Tanto Inditex como Mango dejaron atrás los sistemas de alarmado tradicionales: la típica alarma de plástico duro que, en muchas ocasiones, se convertía en un «caramelo» para los amigos de lo ajeno. Este método tradicional, además de resultar vulnerable a los robos, provocaba lentitud y numerosos errores en el control del stock y en el seguimiento de cada prenda.
Anteriormente, el sistema de alarmado tradicional obligaba a los dependientes a realizar un doble trabajo: controlar manualmente tanto el stock como el almacenamiento. Además, este método requería un mayor número de empleados, lo que suponía un incremento de los costes salariales y de la partida destinada al personal.
DE INDITEX Y MANGO A EL CORTE INGLÉS Y LIDL: UN SISTEMA OBSOLETO QUE TIENE LOS DÍAS CONTADOS
No obstante, gracias a la tecnología RFID, tanto Inditex como Mango han modernizado su modelo de negocio, apostando por la tecnología como eje central de su actividad y dejando atrás un sistema clásico y obsoleto.

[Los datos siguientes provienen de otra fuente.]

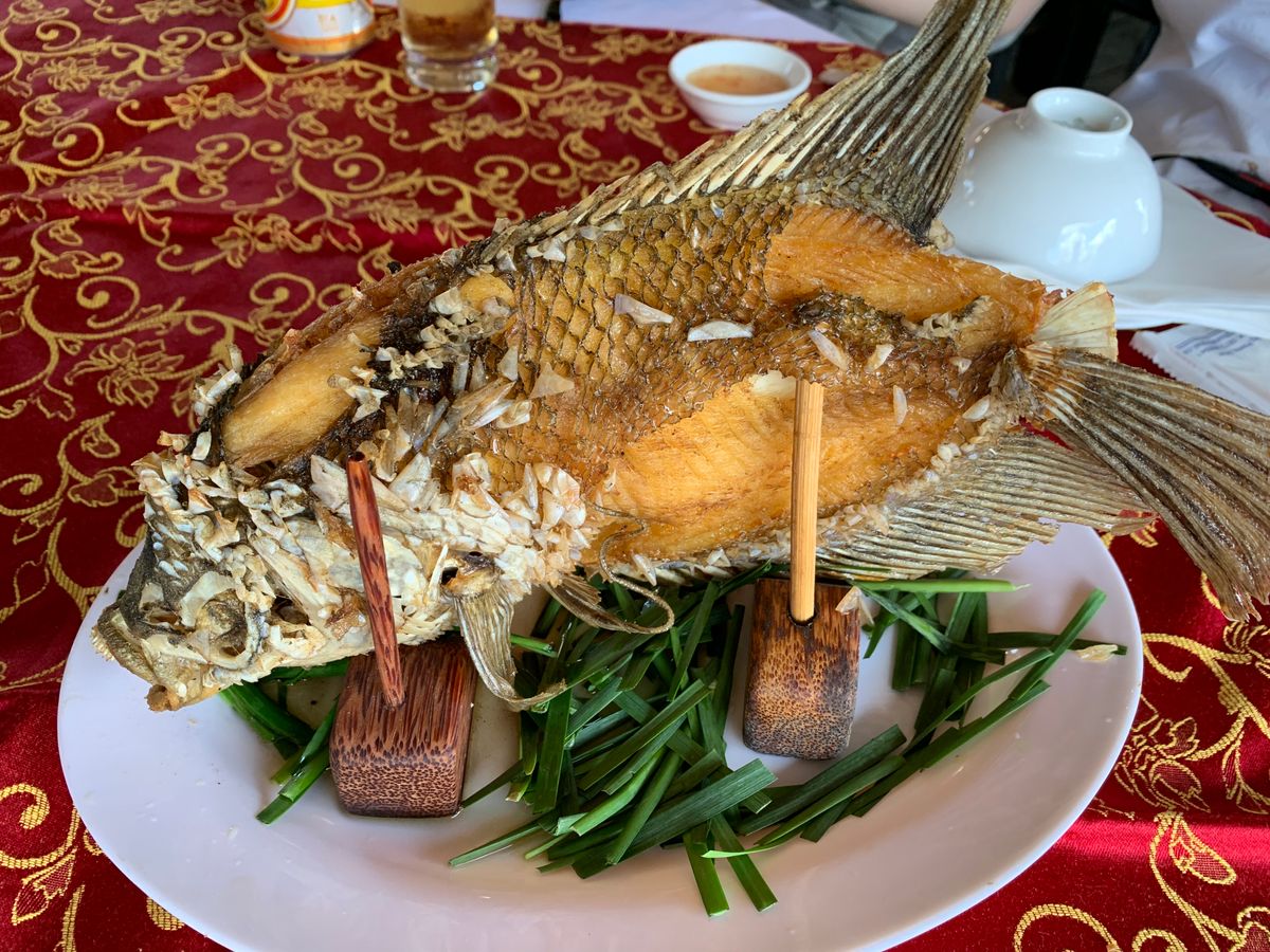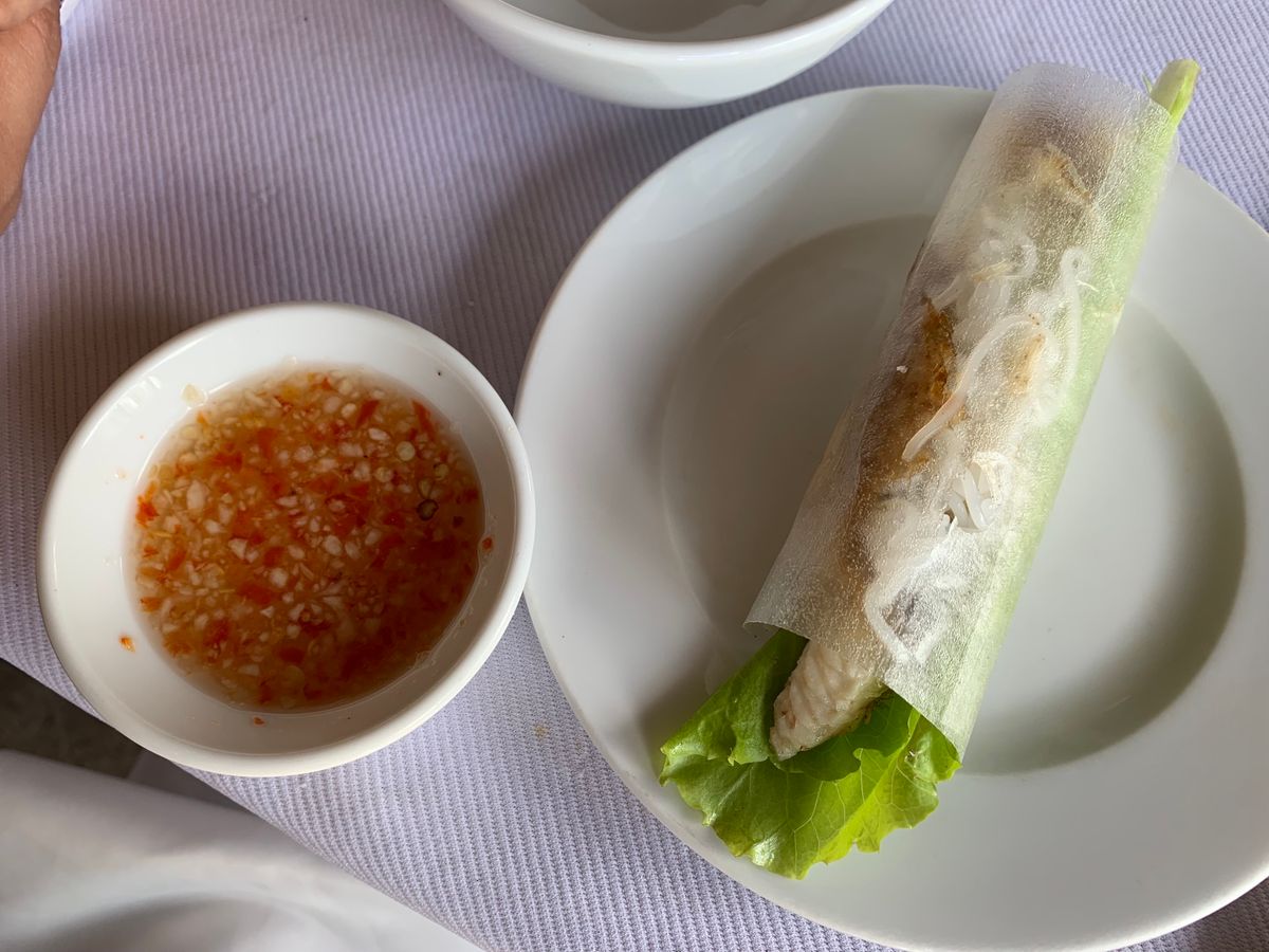 各グループ毎に一匹だと思っていましたが、実際には他グループと合わせて四人で一匹のシェアでした。味は美味しかったのですが、実際に食べられた部分は少なかったです。最初は店員さんが一人一人に春巻にして渡してくれていたのですが、手が回らず途中でどこかへ消えてしまい、後は自分達で自主的に作ることになりましたが、そのことの説明はガイドさんからも無く戸惑いました。

Ahora es el turno de las cadenas de distribución Lidl y El Corte Inglés, que observan cómo las compañías de retail reforzaban su seguridad y han decidido seguir el mismo camino, conscientes de que ello implica una importante inversión.

Fuente: Agencias
Sin ir más lejos, la tecnología RFID permitirá generar mayores beneficios, reducir costes laborales y ofrecer más libertad a los empleados para centrarse en la atención al cliente. Además, facilitará un control total tanto de las prendas expuestas en tienda como de los productos almacenados, sustituyendo sistemas anteriores basados en PDA, cuyos resultados, en muchas ocasiones, eran imprecisos.
Asimismo, para Lidl y El Corte Inglés, este nuevo sistema de alarmado contribuirá a evitar que haya alimentos en mal estado en sus neveras y permitirá dar una segunda vida a aquellos productos con una fecha de caducidad próxima, respondiendo así a una demanda cada vez más importante de los consumidores en materia de responsabilidad y sostenibilidad.